Markets can be punished for conceit. For a long time, investors ignored geopolitical risks and were confident that the North Sea grade of oil would be quoted within the range of $40-60 per barrel for long term. The is because the prices increased above the resistance level that will probably increase production in the U.S., and dropping below the support level will be the reason for its reduction. Unfortunately, the resultant strategy began to fail for a long time after the market returned to the balance sheet. This lead the reserves of the OECD countries to reach above their five-year averages of 170 million barrels but the difference from the beginning of the year was halved, indicating the effectiveness of the Vienna OPEC treaty.
It is one thing for the geopolitician in periods of global surplus, when the conflicts worsen and causes only short-term surges in prices for black gold. Another situation is considering it as a factor for long-term. The military clashes between Iraq and Kurdistan which reinforce the risks of export suspension around 400,000 barrels per stream day. If Turkey desires, they can block all supplies at 600,000 barrels per stream day, which will increase the chances of the market to move with a deficit. At the same time, this will help overcome Brent psychologically important mark of $60 per barrel. The main objective is that OPEC will not fail and extended the agreement on production cut beyond March 2018. The decision to roll over will be concluded in November, and it looks like investors have already believed in a favorable outcome.

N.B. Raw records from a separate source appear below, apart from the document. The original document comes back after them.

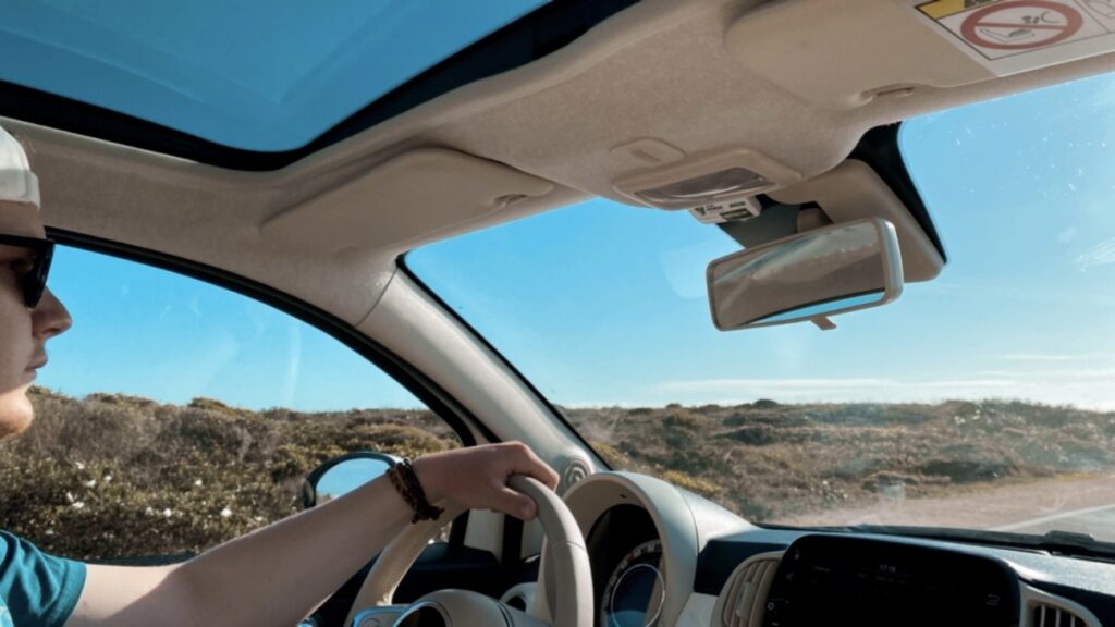 Algarvessa ollessamme halusimme ehdottomasti käydä Sagresissa, joka sijaitsee aivan Euroopan mantereen lounaiskärjessä. Lagosista matkaa tänne on noin 30km, ja päivää varten vuokrasimme Lagosista pienen Fiatin, jolla reissasimme seuraavat pari päivää. Vuokrasimme auton Europcarista, ja olimme täysin tyytyväisiä saamaamme palveluun ja itse autoon. Auton vuokraaminen Portugalissa on suhteellisen helppoa, tosin jotkut yritykset vaativat luottokortin, sekä kaikki yritykset eivät välttämättä vuokraa 18-vuotiaille. Vuokraukseen tuli myös nuoren kuljettajan lisä (23v.). Lagosista Sagresiin ajaminen oli todella helppoa ja maisemat matkan varrella olivat mahtavat. Reissumme ajankohta ei ollut vielä täysin sesonkia, joten autonvuokraushinnat eivät olleet korkeimmillaan.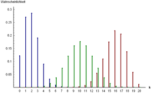 wobei die Aufteilung der Binomialverteilung entspricht. Je nach Konstruktion
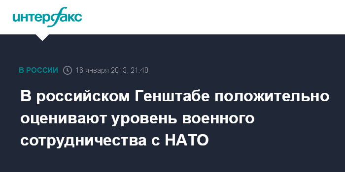 "Итоги совместной работы в 2012 году нами в целом оцениваются положительно. По нашим оценкам, выполнено более 85 процентов мероприятий плана, что является очень хорошим показателем и подтверждает приверженность идее наращивания сотрудничества в областях, представляющих взаимный интерес", - сказал Герасимов по завершении заседания Совета Россия-НАТО на уровне начальников Генеральных штабов, которое состоялось в среду в Брюсселе.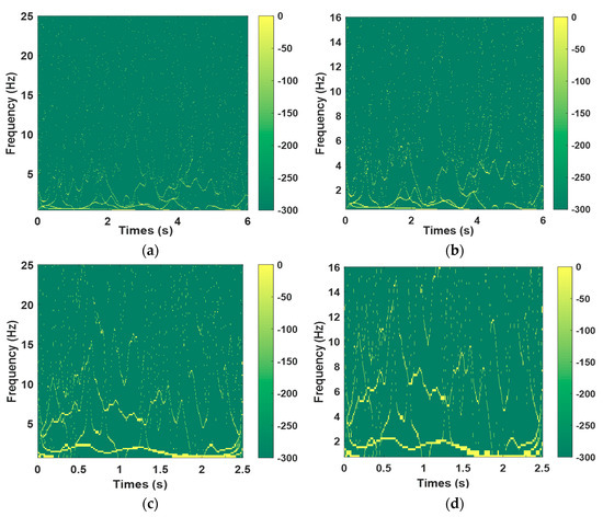 2D Hilbert spectra of vibration signals from digital electronic detonators and blasting conduit detonators: (a) 2D Hilbert energy spectrum of the digital electronic detonator within the frequency range of 0–25 Hz, (b) 2D Hilbert energy spectrum of the digital electronic detonator within the frequency range of 0–16 Hz, (c) 2D Hilbert energy spectrum of the nonel detonator within the frequency range of 0–25 Hz, and (d) 2D Hilbert energy spectrum of the nonel detonator within the frequency range of 0–16 Hz.

OPEC actions in bringing the oil market to the balance
Source: Financial Times.
According to the IEA, the cartel in September fulfilled its Vienna obligations by 86%, which is somewhat higher than in August. OPEC itself predicts that in 2018 the demand for its oil will increase to 33.1 million barrels per stream day, which is 200,000 more than the previous estimate. The main reasons are cuts in supplies from other countries and growth in global demand. From the latter point of view, China's active efforts to build up domestic reserves of black gold are important. In September, the oil imports of the Celestial Empire jumped to 9.03 million barrels per stream day, which is the second largest indicator in history and 11% higher than last year.
For Kurdistan, OPEC's readiness to extend the Vienna agreement and the growing demand from China added more risks in view of the resumption of economic sanctions against Iran and the effectiveness of implementing agreements on the cessation of the production of nuclear weapons, which U.S/ President Donald Trump questioned. Previously, it was about the loss of about 1 million barrels per stream day of exports from Tehran, and if the story repeats, then the quotes of Brent can go much higher than $60 per barrel.
Technically, the September peak update near the $59.5 mark will activate the AB = CD pattern and increase the risks of selling its targets at 127.2% and 161.8%. These are located near the marks of $60.7 and $62.3 per barrel. In order for the "bears" to expect a correction, they need to take the price of Brent below the lower limit in the upward trading channel and take the resistance at $55.9.